Unfortunately, the Trump administration is undermining prospects for moderating China’s behavior. The first foreign policy decision of the then-new administration was to pull out of the emerging Trans-Pacific Partnership. This grouping, which represented about 40 percent of global gross domestic product, had the potential to force China to change the very economic behavior the secretary criticizes. Instead, the United States focused on negotiating a bilateral trade agreement with China that has achieved little more than a Chinese commitment (so far not realized) to import slightly more U.S. products while shelving larger structural issues.

An administration committed to changing Chinese economic behavior would be spearheading reform of the World Trade Organization, rather than paralyzing its appellate body.

An effective U.S. policy toward China would work with, not against, our allies and partners. Instead, under this administration, we treat the European Union as an economic foe, bash South Korea and Japan over how much they pay to offset the costs of our stationing soldiers on their territory and regularly raise doubts as to our reliability, be it by unilaterally canceling military exercises on the Korean Peninsula or threatening to withdraw some of our troops from South Korea, as we are doing from Germany. It is not realistic to expect allies to stand up to a powerful neighbor if they cannot count on us.

Similarly, we should be working with countries of the region to produce a collective front against Chinese claims and actions in the South China Sea; instead, it took three-and-a-half years for the State Department to produce a tougher but still unilateral U.S. policy. Meanwhile, we press our allies not to use China’s 5G technology but have failed to work with them to develop an alternative.

It is ironic, too, that an administration that embraces “America First” is doing so little to make this country more competitive vis-a-vis China. A real strategy would include the federal government spending more on basic research, modernizing infrastructure and making it possible for the most talented people in the world to come and stay here, rather than pushing them away.

Pompeo spent a good deal of his speech highlighting China’s human rights failures, which are many and deserve U.S. condemnation. But our standing for criticizing China would be immeasurably greater if we were equally tough on Russia, Turkey and Saudi Arabia. Otherwise, our words appear to be nothing so much as opportunistic.
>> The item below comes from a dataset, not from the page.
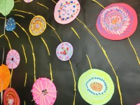 花火・・・夜空に打ちあがった花火をイメージし、ご利用者様に色んな花火を切り貼りし作成していただきました。

America’s voice would be even stronger if we practiced at home what we preached abroad. President Trump and those who work for him have forfeited much of their credibility as democracy advocates with their repeated descriptions of the U.S. media as an enemy, their attacks on an independent judiciary and their use of federal forces to repress dissent in our cities. Here and elsewhere, foreign policy begins at home.

Theodore Roosevelt advised the United States to speak softly and carry a big stick. This president and his chief diplomat are perilously close to getting it backward.